▶ **Problem details**:
Return the run of lines below that opens with the line containing "Nephrotic Syndrome: ManagementTreatment" and closes with the line containing "Goodwill believes in", keeping each one exact.

▶ **Information**:

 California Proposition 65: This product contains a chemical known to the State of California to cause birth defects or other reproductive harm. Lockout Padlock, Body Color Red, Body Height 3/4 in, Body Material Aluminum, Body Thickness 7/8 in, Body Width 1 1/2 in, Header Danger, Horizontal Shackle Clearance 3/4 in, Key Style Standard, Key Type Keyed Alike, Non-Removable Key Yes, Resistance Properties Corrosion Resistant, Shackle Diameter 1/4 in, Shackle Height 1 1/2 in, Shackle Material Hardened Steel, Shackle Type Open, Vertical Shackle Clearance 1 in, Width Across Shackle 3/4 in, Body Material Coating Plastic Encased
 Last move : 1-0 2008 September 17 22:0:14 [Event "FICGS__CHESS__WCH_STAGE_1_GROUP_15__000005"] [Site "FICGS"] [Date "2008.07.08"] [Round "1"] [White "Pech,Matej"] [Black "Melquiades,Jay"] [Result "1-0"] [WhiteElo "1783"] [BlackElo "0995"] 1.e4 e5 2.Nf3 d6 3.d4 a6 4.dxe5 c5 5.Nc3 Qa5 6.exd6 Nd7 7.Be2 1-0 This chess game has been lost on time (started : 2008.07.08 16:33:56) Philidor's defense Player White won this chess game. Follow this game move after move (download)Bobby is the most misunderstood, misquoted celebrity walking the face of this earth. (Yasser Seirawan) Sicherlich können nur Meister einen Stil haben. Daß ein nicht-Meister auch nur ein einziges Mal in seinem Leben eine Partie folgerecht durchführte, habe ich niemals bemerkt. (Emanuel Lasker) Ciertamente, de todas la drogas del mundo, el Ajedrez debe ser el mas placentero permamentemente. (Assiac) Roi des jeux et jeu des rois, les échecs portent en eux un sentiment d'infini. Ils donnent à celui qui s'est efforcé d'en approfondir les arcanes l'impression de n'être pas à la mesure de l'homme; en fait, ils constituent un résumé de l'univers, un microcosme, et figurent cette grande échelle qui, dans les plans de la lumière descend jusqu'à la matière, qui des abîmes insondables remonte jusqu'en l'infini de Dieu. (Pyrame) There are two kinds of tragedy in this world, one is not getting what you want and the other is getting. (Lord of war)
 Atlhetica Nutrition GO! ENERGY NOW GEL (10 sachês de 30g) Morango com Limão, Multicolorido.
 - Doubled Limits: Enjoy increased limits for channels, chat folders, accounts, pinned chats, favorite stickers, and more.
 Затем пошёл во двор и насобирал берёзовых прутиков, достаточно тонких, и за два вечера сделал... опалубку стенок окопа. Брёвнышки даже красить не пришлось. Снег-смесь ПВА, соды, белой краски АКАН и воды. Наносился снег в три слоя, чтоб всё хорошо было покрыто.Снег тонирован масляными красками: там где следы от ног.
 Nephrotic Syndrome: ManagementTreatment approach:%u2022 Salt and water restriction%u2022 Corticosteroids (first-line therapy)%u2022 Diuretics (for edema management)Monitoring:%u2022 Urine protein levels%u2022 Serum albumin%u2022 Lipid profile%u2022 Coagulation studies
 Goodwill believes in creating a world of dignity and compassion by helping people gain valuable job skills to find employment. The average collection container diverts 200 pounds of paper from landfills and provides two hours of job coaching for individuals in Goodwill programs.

--

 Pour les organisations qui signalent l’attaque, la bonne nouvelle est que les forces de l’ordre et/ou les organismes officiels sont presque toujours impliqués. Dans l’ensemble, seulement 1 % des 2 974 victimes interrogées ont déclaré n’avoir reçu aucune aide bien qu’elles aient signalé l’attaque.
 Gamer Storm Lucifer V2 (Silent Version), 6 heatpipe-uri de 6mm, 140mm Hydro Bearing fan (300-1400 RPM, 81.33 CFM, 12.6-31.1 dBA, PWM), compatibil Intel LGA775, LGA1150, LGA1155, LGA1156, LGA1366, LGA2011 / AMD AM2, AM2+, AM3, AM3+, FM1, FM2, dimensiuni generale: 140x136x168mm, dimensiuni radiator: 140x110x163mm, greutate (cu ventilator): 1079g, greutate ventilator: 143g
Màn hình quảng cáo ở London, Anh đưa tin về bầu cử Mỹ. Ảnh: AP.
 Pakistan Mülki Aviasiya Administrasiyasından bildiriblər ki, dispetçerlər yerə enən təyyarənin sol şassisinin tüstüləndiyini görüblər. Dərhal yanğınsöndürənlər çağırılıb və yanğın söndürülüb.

▶ **Result**:
 Nephrotic Syndrome: ManagementTreatment approach:%u2022 Salt and water restriction%u2022 Corticosteroids (first-line therapy)%u2022 Diuretics (for edema management)Monitoring:%u2022 Urine protein levels%u2022 Serum albumin%u2022 Lipid profile%u2022 Coagulation studies
 Goodwill believes in creating a world of dignity and compassion by helping people gain valuable job skills to find employment. The average collection container diverts 200 pounds of paper from landfills and provides two hours of job coaching for individuals in Goodwill programs.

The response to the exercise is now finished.